- _Task prompt_
Leave out any picture and return the remaining listing below exactly as given.

◆ ◆ ◆ ◆ ◆

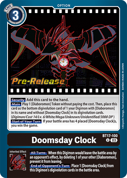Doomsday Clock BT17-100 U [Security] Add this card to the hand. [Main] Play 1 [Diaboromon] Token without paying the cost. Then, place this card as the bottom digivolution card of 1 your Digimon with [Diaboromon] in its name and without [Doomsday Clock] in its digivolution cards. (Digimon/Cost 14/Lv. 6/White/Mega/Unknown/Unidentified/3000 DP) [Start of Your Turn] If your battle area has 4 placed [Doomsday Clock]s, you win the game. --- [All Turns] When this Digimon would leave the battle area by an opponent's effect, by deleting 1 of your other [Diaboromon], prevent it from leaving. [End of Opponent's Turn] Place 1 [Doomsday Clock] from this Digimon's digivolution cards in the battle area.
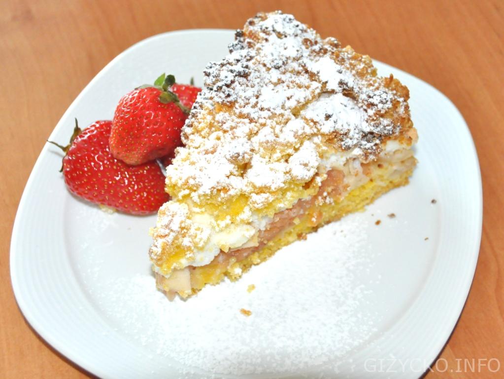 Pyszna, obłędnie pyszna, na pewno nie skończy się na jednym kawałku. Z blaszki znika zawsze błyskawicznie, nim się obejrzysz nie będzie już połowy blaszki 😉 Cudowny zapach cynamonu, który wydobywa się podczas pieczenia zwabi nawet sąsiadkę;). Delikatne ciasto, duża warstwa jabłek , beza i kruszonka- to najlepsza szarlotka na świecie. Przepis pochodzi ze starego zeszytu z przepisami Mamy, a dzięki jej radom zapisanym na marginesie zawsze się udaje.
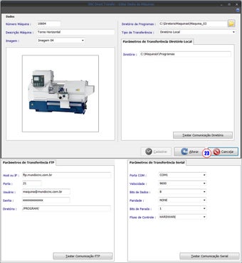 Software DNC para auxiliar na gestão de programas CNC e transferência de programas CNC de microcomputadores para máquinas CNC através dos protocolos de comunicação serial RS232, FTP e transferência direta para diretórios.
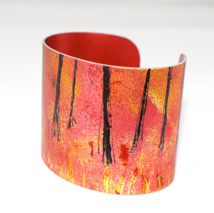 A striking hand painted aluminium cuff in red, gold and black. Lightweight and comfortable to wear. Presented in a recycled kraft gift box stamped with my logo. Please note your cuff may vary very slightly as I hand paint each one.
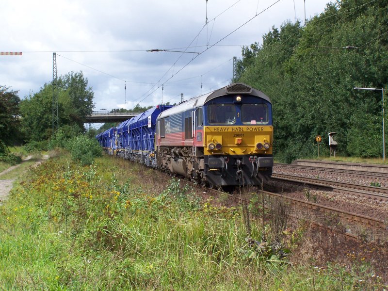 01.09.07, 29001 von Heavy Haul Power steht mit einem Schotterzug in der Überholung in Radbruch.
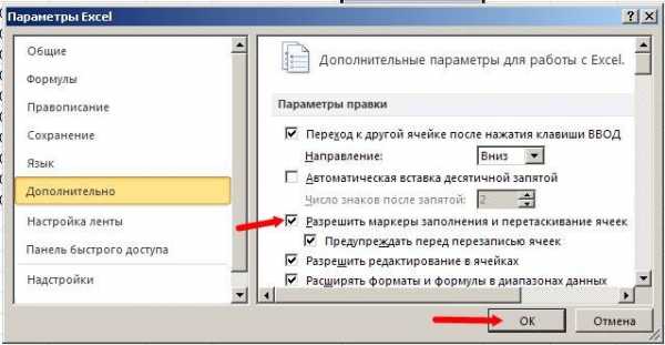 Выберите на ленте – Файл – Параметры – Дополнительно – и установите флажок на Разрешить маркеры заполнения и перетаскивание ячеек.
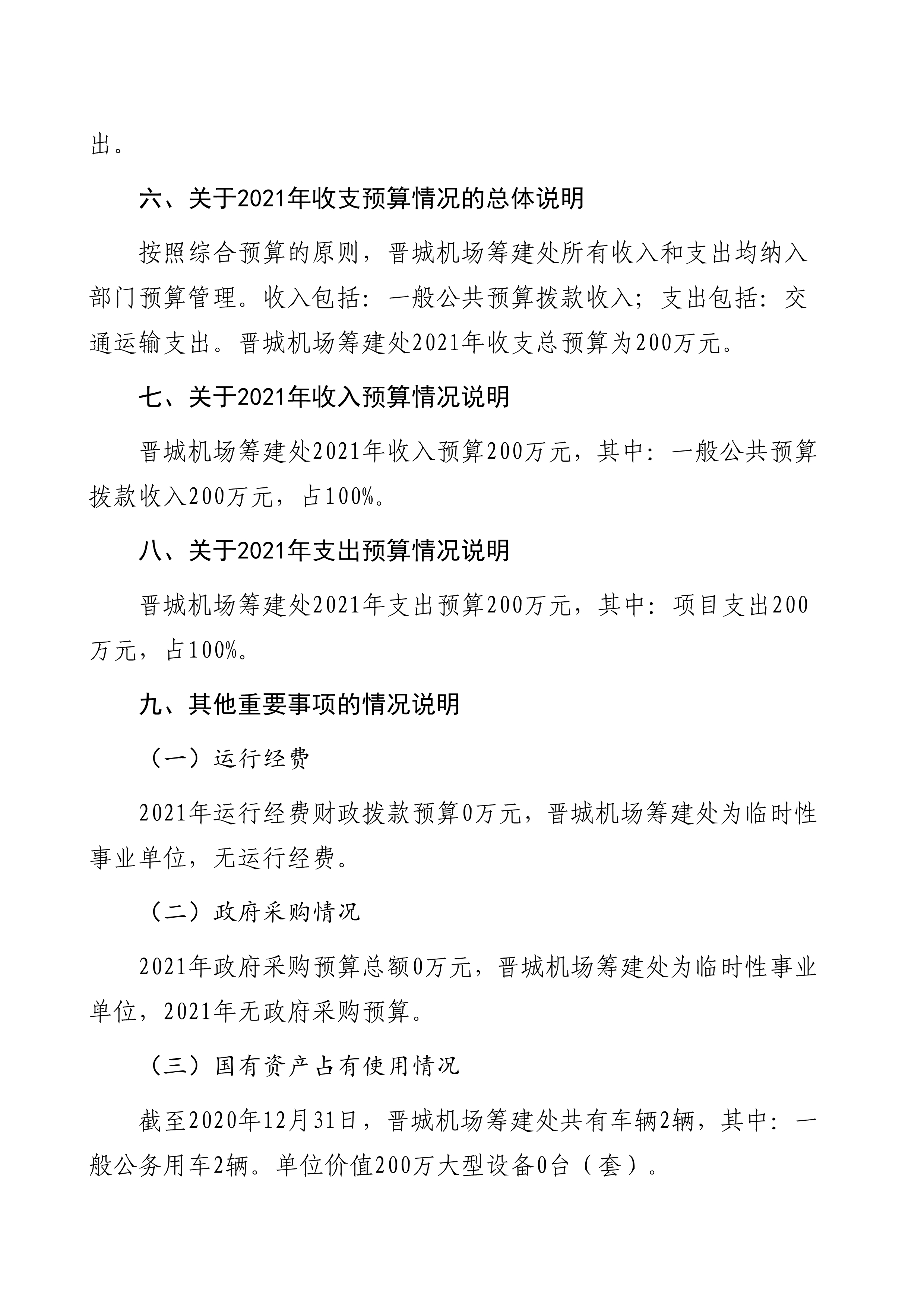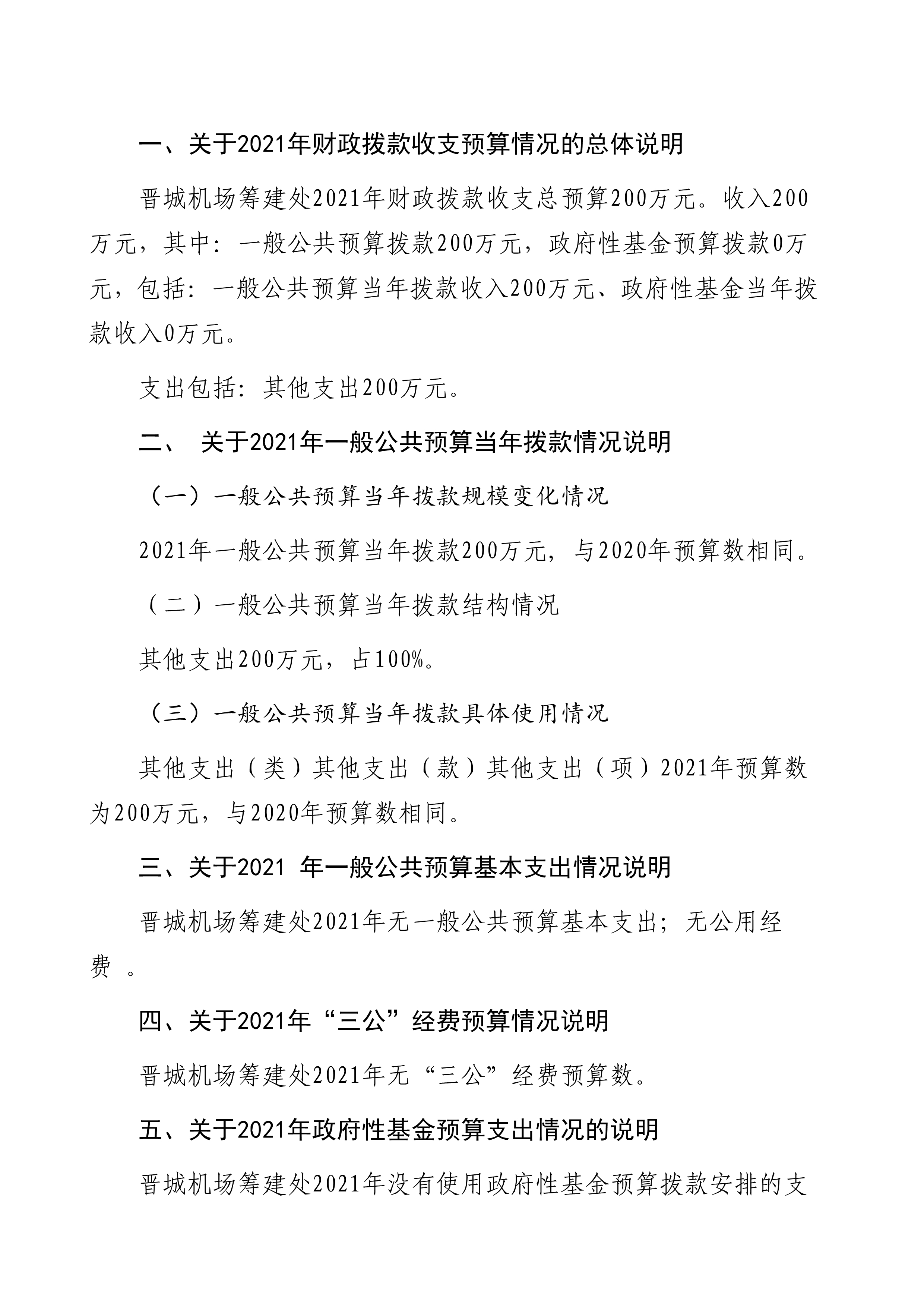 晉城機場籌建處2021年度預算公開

◆ ◆ ◆ ◆ ◆

- _Written reply_
Doomsday Clock BT17-100 U [Security] Add this card to the hand. [Main] Play 1 [Diaboromon] Token without paying the cost. Then, place this card as the bottom digivolution card of 1 your Digimon with [Diaboromon] in its name and without [Doomsday Clock] in its digivolution cards. (Digimon/Cost 14/Lv. 6/White/Mega/Unknown/Unidentified/3000 DP) [Start of Your Turn] If your battle area has 4 placed [Doomsday Clock]s, you win the game. --- [All Turns] When this Digimon would leave the battle area by an opponent's effect, by deleting 1 of your other [Diaboromon], prevent it from leaving. [End of Opponent's Turn] Place 1 [Doomsday Clock] from this Digimon's digivolution cards in the battle area.
 Pyszna, obłędnie pyszna, na pewno nie skończy się na jednym kawałku. Z blaszki znika zawsze błyskawicznie, nim się obejrzysz nie będzie już połowy blaszki 😉 Cudowny zapach cynamonu, który wydobywa się podczas pieczenia zwabi nawet sąsiadkę;). Delikatne ciasto, duża warstwa jabłek , beza i kruszonka- to najlepsza szarlotka na świecie. Przepis pochodzi ze starego zeszytu z przepisami Mamy, a dzięki jej radom zapisanym na marginesie zawsze się udaje.
 Software DNC para auxiliar na gestão de programas CNC e transferência de programas CNC de microcomputadores para máquinas CNC através dos protocolos de comunicação serial RS232, FTP e transferência direta para diretórios.
 A striking hand painted aluminium cuff in red, gold and black. Lightweight and comfortable to wear. Presented in a recycled kraft gift box stamped with my logo. Please note your cuff may vary very slightly as I hand paint each one.
 01.09.07, 29001 von Heavy Haul Power steht mit einem Schotterzug in der Überholung in Radbruch.
 Выберите на ленте – Файл – Параметры – Дополнительно – и установите флажок на Разрешить маркеры заполнения и перетаскивание ячеек.
 晉城機場籌建處2021年度預算公開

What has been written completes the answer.